End side AI and RTK positioning are not fighting on their own, but deeply integrated and collaboratively output. When AI identifies a device defect or security hazard, the system automatically binds the identification result with centimeter level coordinates to generate a hazard report with accurate spatiotemporal watermarking. The hidden danger points are marked in real-time on the GIS map, and the maintenance team can directly reach the fault point based on the coordinates - the embarrassment of "seeing the problem but not finding the location" in the traditional mode ends here.
4、 AI Inspection Platform: From Single Point Intelligence to Systematic Control
The dual engine drive not only upgrades the terminal equipment, but also the entire inspection system. The intelligent AI inspection platform adopts a three-layer collaborative architecture of "end edge cloud": the end side is responsible for real-time collection and local inference, the edge nodes are responsible for regional data aggregation and rule judgment, and the cloud provides global visualization, task scheduling, model iteration, and data analysis.

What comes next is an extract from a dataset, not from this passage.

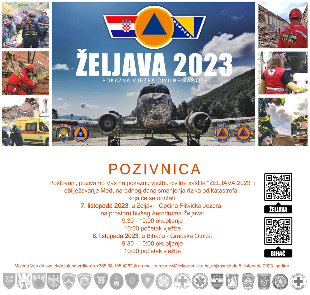 U suradnji sa Unsko-sanskim kantonom održat će se zajednička vježba civilne zaštite pod nazivom “Željava 2023.g.” i obilježavanje Međunarodnog dana smanjenja rizika od katastrofa, stoga Vam u privitku dostavljamo pozivnicu za predmetnu pokaznu dvodnevnu vježbu koja će se provesti na području Općine Plitvička jezera, Ličko Petrovo Selo– područje bivšeg aerodroma Željava 07. listopada 2023. s početkom u 10 sati i 08. listopada 2023. na području grada Bihaća- Gradska Otoka, BIH, s početkom u 10 sati.
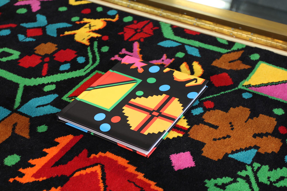 This whole process is methodically documented in a book that lies atop the carpet with a cover picturing the pattern below it. In this optical play, the book imbeds its surface (and the very surface it mirrors) with the story of its own making. The narrative is controlled and tedious but instills the piece with a visual history that attempts to establish its own symbolic import. Ferrer's excessive attention to the construction and deconstruction of this pattern is less about formal necessity and more of an attempt to underscore the material fissures present in all symmetrical forms. Through the laborious restructuring of carpet and the book's sculptural trompe l'oeil Ferrer's work poses the moment of the seam as one of both rupture and confluence.

At the platform level, the system automatically retains centimeter level complete walking trajectories, and the backend automatically compares preset routes, marking deviations and missed detections; Permanent storage of inspection data to achieve digital assessment of job compliance; Through electronic fence intelligent protection, personnel deviating from the route or entering dangerous areas will receive synchronized sound, light, and vibration triple warnings from the equipment, and real-time alerts will be pushed in the background. At the communication level, the device has built a "5G+Beidou Short Message" dual channel redundant communication system - achieving millisecond level data transmission in public network coverage areas, and automatically switching to Beidou Short Message mode in areas without public network coverage, ensuring 100% communication coverage.